Изменить размер шрифта - +
Я направил к нему Жеребцова. И если бы не чертеж, не гравюра на стене, все равно преступление было бы обязательно раскрыто. — Помолчал, с твердой уверенностью добавил: — Нет на свете такого преступления, которое нельзя было бы раскрыть. А убийство — в особенности, потому что против убийцы восстает само небо. Жизнь дает Господь, и только он один имеет право отобрать ее.

Неожиданно улыбнулся:

— Завтра едем ко мне в Мытищи!

Кошко откликнулся с охотой:

— Сбор ровно в пять в Большом Гнездниковском, и надеюсь, что ничто теперь нам помешать не сумеет. Кстати, надо взять с собой подполковника Диевского — он первым приступил к этому делу.

— И Якова Рацера! — добавил Соколов.

 

Старым воровским способом

 

Уморительная история произошла поздним вечером того же дня, когда шофера развозили сыщиков по домам.

Подъехав к себе на Садовую-Триумфальную, Кошко поднял голову и с огорчением произнес:

— А где семейные? Неужто отправились к свояку на дачу в Малаховку? А я нынче дома ключи забыл.

Придется опять в Гнездниковский ехать, на служебном диване ночь вертеться.

Жеребцов галантно предложил:

— Коли, Аркадий Францевич, не возражаете, постараюсь вашей беде помочь.

— Каким образом?

— Все тем же — воровским!

Предвкушая удовольствие, сыщики двинулись на третий этаж, где снимал квартиру Кошко. Консьержка сообщила, что семья и впрямь уехала на два дня.

Жеребцов, разминая пальцы, осмотрел массивный, с бронзовой накладкой замок. Затем полез в потайной карман пиджака, вытащил стальную отмычку, вставил ее в замочную скважину.

Все затаили дыхание.

Жеребцов мягко повернул отмычку — и замок был открыт. Назидательно посмотрел на начальника сыска:

— Немного стоит сыщик, если он не умеет делать всего того, что делает преступник.

— Например?

— Это нужда покажет, — туманно ответил Жеребцов, ученик гения сыска.

 

Эпилог

 

Дмитрий Львович, попав на тюремные нары, тут же потерял стойкость духа.

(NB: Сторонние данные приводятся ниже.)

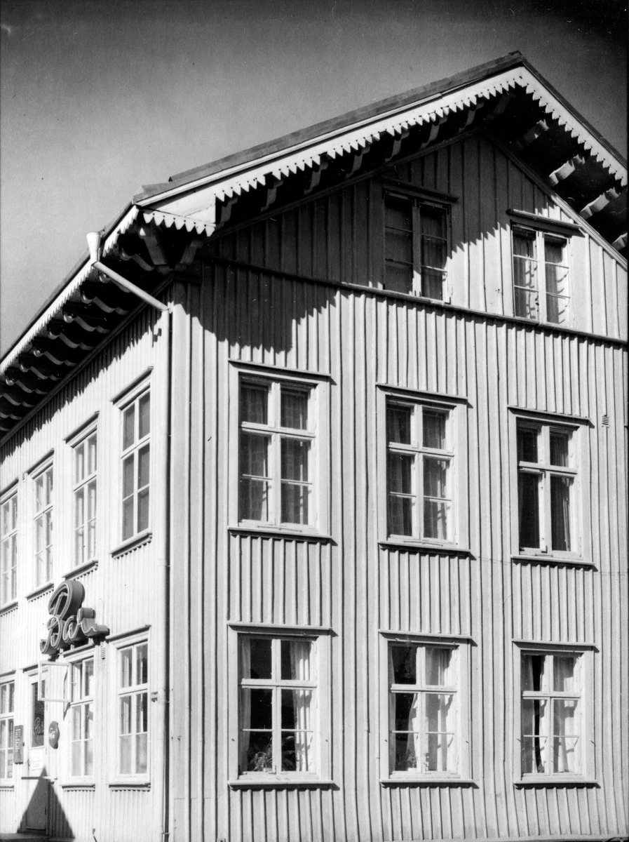 Storgatan 1, Wera-magasinshuset, från Trätorget. Från NM:s byggnadsinventering 1957.

Вызвав начальника тюрьмы, он просил прибыть в камеру Соколова:

— Во всем ему покаюсь!

Соколов прислал Жеребцова, который составил протокол допроса.

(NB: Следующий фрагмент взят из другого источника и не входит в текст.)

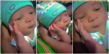 In the video, Baby Ezekiel is seen lying comfortably, with his tiny hand resting beside his cheek, evoking a sense of deep contemplation that is uncommon for a child of his age.
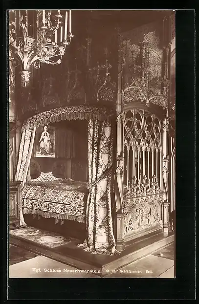 AK Kgl. Schloss Neuschwanstein, Bett im Schlafzimmer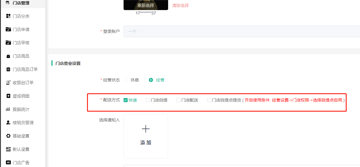 开启权限在门店-收银台—门店管理-门店信息-门店营业设置-配送方式设置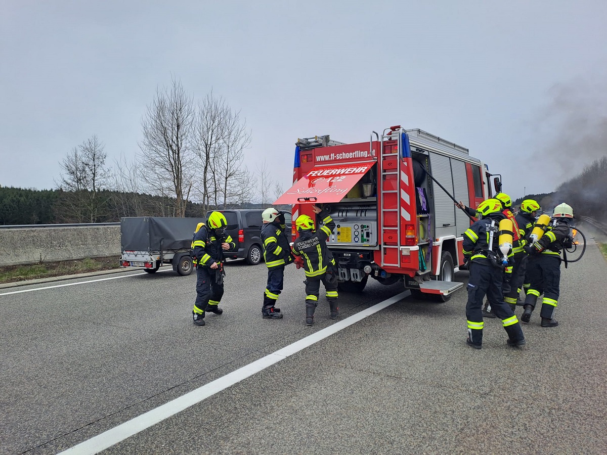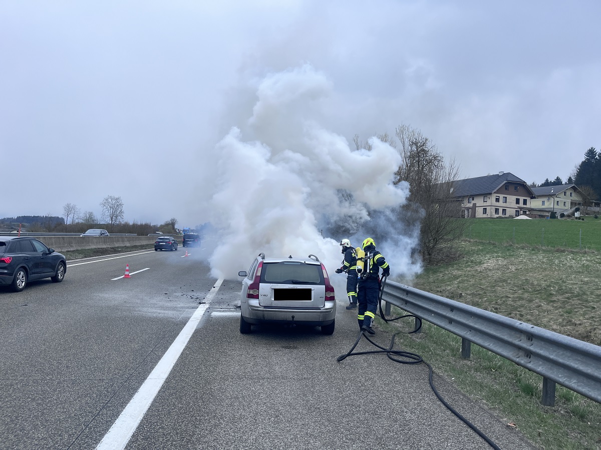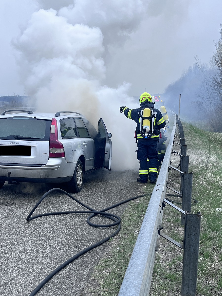 Umgehend rückte unsere Einsatzmannschaft zum Einsatzort aus. Bei Ankunft unseres TLF stand der vordere Teil des PKW´s bereits in Vollbrand. Umgehend wurde von unserem Atemschutztrupp ein Löschangriff gestartet, welcher auch rasch Erfolg zeigt. Nach kurzer Zeit war das Auto dann vollständig gelöscht. Anschließend wurde eine Nachkontrolle mittels Wärmebildkamera durchgeführt.

На сей раз сынок библиофила был предельно откровенен.

— Мне до зарезу были нужны деньги, — сказал Дмитрий, и на его глазу блеснула слезинка. — С любимой женщиной хотелось съездить в Ниццу, да чтоб с шиком! А тут продулся в карты, кругом задолжал. К отцу на поклон идти? Нет, это бесполезно. На мои “глупости”он и копейки не дал бы. Предпочел бы купить еще один автограф Пушкина или рукопись Гоголя. Ему развлечение — рыться в мертвых бумажках, а у меня остаток молодости проходит. На свете если есть что важное, то только любовь и азартные игры. Остальное — гиль!

...Выяснилось, что именно в этот момент, как на грех, подвернулся ему некий “князь Б.” (газеты его фамилию не расшифровывали). Он обещал Дмитрию за некоторые редкости из коллекции Абрамова (у которого однажды был дома) громадные деньги, ибо и сам “пожираем коллекционерской страстью”

Зародился план экспроприации раритетов, вроде бы вполне безобидный. Бывая часто у отца, Дмитрий в его отсутствие составил известный нам чертеж. И совсем без особых хлопот за пять рублей устроил какому-то студенту-медику (личность не установлена) “случайную ” встречу с отцом в лавке Шибанова.

Остальное читателю известно. Решившись однажды лишь на малый грех, человек против воли скатывается в преступную клоаку, из которой выхода нет.

Суд лишил всех прав состояния и отправил на каторгу: Дмитрия на три с половиной года, Терентия Хвата на девять лет.

Что стало с остальными героями? Ульянинский в 1912 году в типографии Рябушинского напечатал тиражом триста двадцать пять экземпляров трехтомный каталог своей обширной библиотеки, ставший важным вкладом в российскую культуру.